Она вскочила на ноги, даже не заметив, как острые камни и сухие ветки впились в её израненные, босые ступни (туфли она потеряла где-то по дороге), и бросилась к нему. Всё её существо, изголодавшееся по нему, по его теплу, по его голосу, по одному только взгляду, рванулось вперёд, забыв об осторожности, забыв о том, где она находится, забыв обо всём на свете, кроме одного: он жив.
Она подлетела к нему, и слова, сбивчивые, нелепые, переполнявшие её до краёв, хлынули потоком:
— Боб! Господи, Боб, ты жив! Я знала, я знала! Что с тобой? Что случилось? Почему ты здесь? Как ты… Джим сказал… он нашёл твой платок, весь в крови, и следы, и парик, и все думали… все решили… А я не поверила! Я не могла поверить! Я побежала искать тебя, и вот… вот ты!
Она говорила, захлёбываясь словами, не замечая, как слёзы — уже не горя, а невыразимого облегчения — снова текут по её грязным, исцарапанным щекам. Её взгляд судорожно бегал по его лицу, по его израненному телу, пытаясь охватить всё сразу, убедиться, что раны не смертельны, что он действительно здесь, живой, настоящий. Её собственные пальцы, измазанные в земле и крови, дрожали, когда она, повинуясь внезапному порыву, потянулась к его лицу и осторожно, почти благоговейно, обхватила его щёки ладонями, заставляя посмотреть ей прямо в глаза. Кожа под её пальцами была холодной. Очень холодной.
Но Мэй этого не заметила. Она вообще ничего не замечала вокруг — ни того, как странно, неестественно тихо стало на поляне, ни того, как лунный свет, только что заливавший всё вокруг, вдруг словно потускнел, съёжился, будто испугавшись чего-то. Она не чувствовала ледяного, могильного холода, который волнами исходил от его тела. Она видела только его лицо — такое родное, такое любимое, такое измученное.

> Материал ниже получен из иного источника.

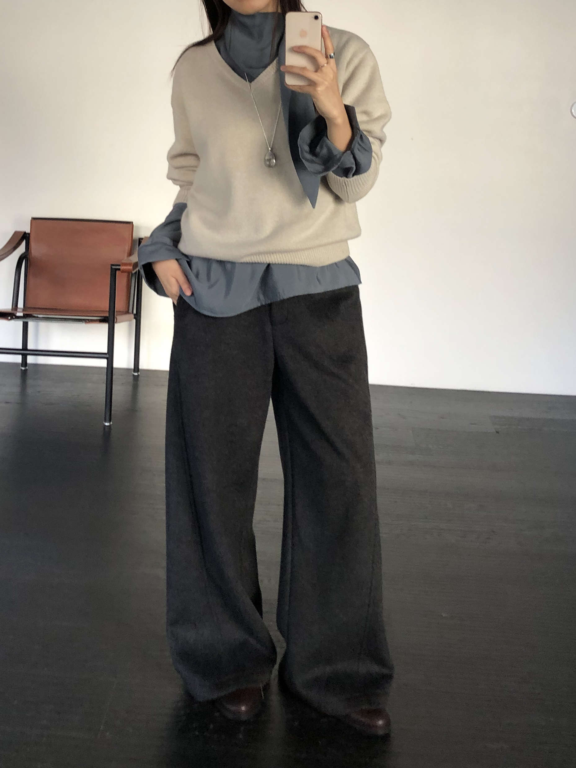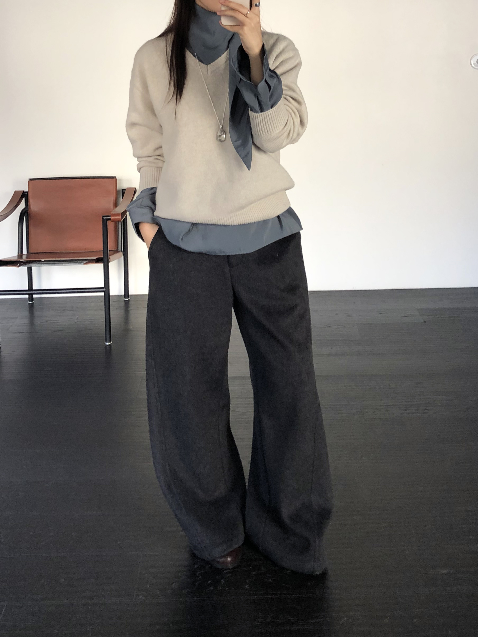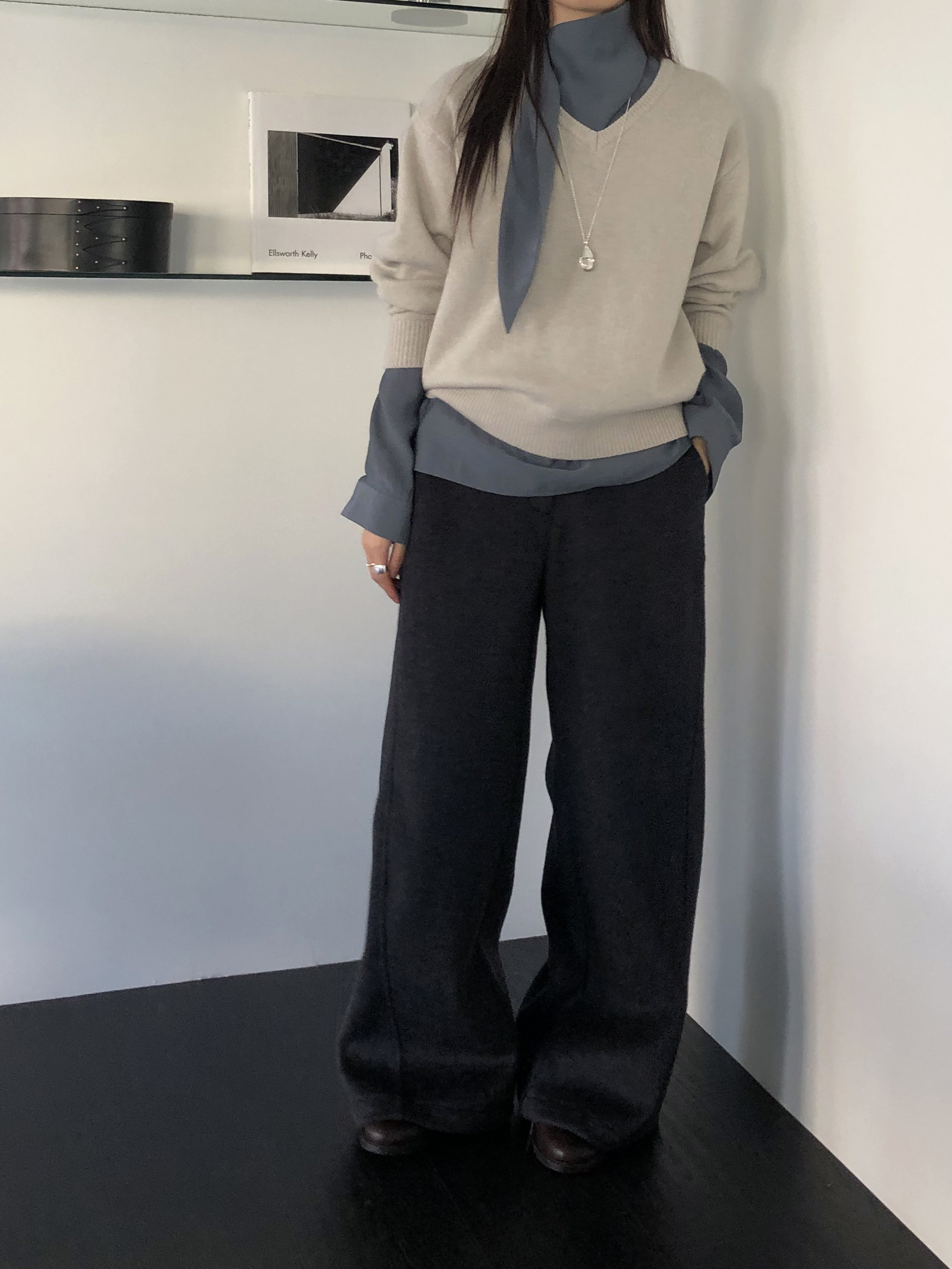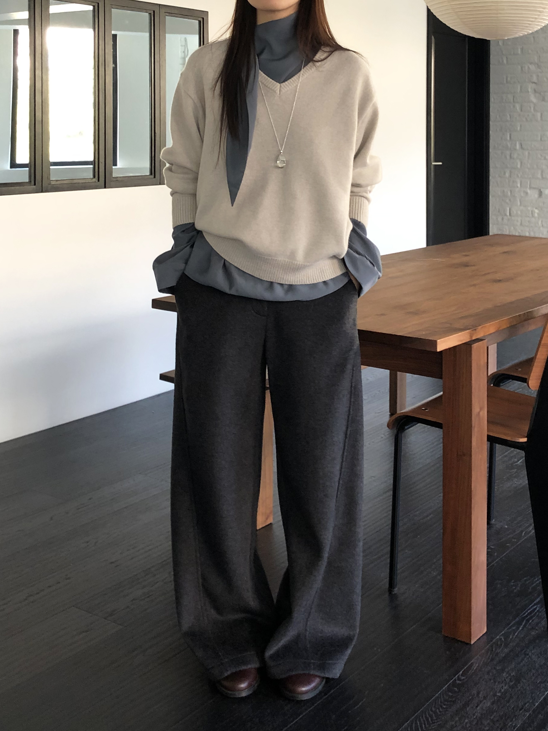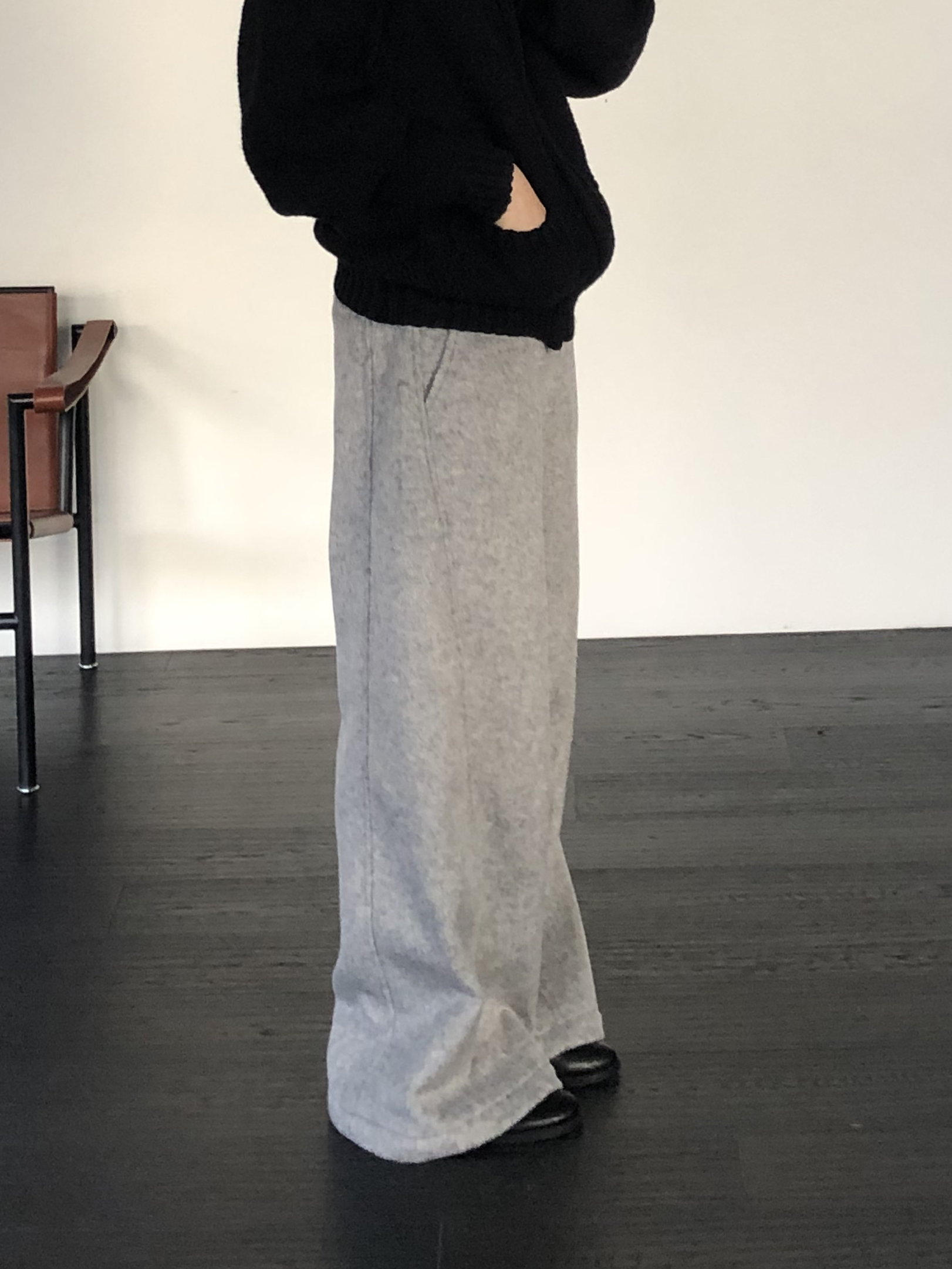 와이드 팬츠임에도 안쪽 사선으로 들어오는 절개라인 디테일 덕분에 실루엣이 과하게 부해보이거나 밋밋하지 않습니다. 와이드한 멋은 살리면서도 전체 균형을 깔끔하고 멋스럽게 정돈해줘요.

Боб ничего не ответил на её сбивчивые, бессвязные речи. Он просто смотрел на неё — долгим, странным, каким-то застывшим взглядом, в котором не было ни привычной теплоты, ни удивления, ни радости от встречи. Только пустота. И боль. Но Мэй, ослеплённая счастьем, приняла эту пустоту за шок, за последствия страшных ран, за что угодно, только не за то, чем она была на самом деле.
А потом он вдруг притянул её к себе. Резко, молча, без единого слова. Его руки — сильные, тяжёлые, — сомкнулись у неё на спине, прижимая к холодной, липкой от крови груди. От него пахло сырой землёй, прелой листвой и чем-то ещё — сладковатым, приторным, тем самым запахом, что витал над кровавой лужей. Но Мэй, уткнувшись лицом в его плечо, вдохнула этот запах и не почувствовала ничего, кроме облегчения. Она прикрыла глаза, позволив себе на миг поверить, что кошмар закончился. Что он здесь. Что всё будет хорошо.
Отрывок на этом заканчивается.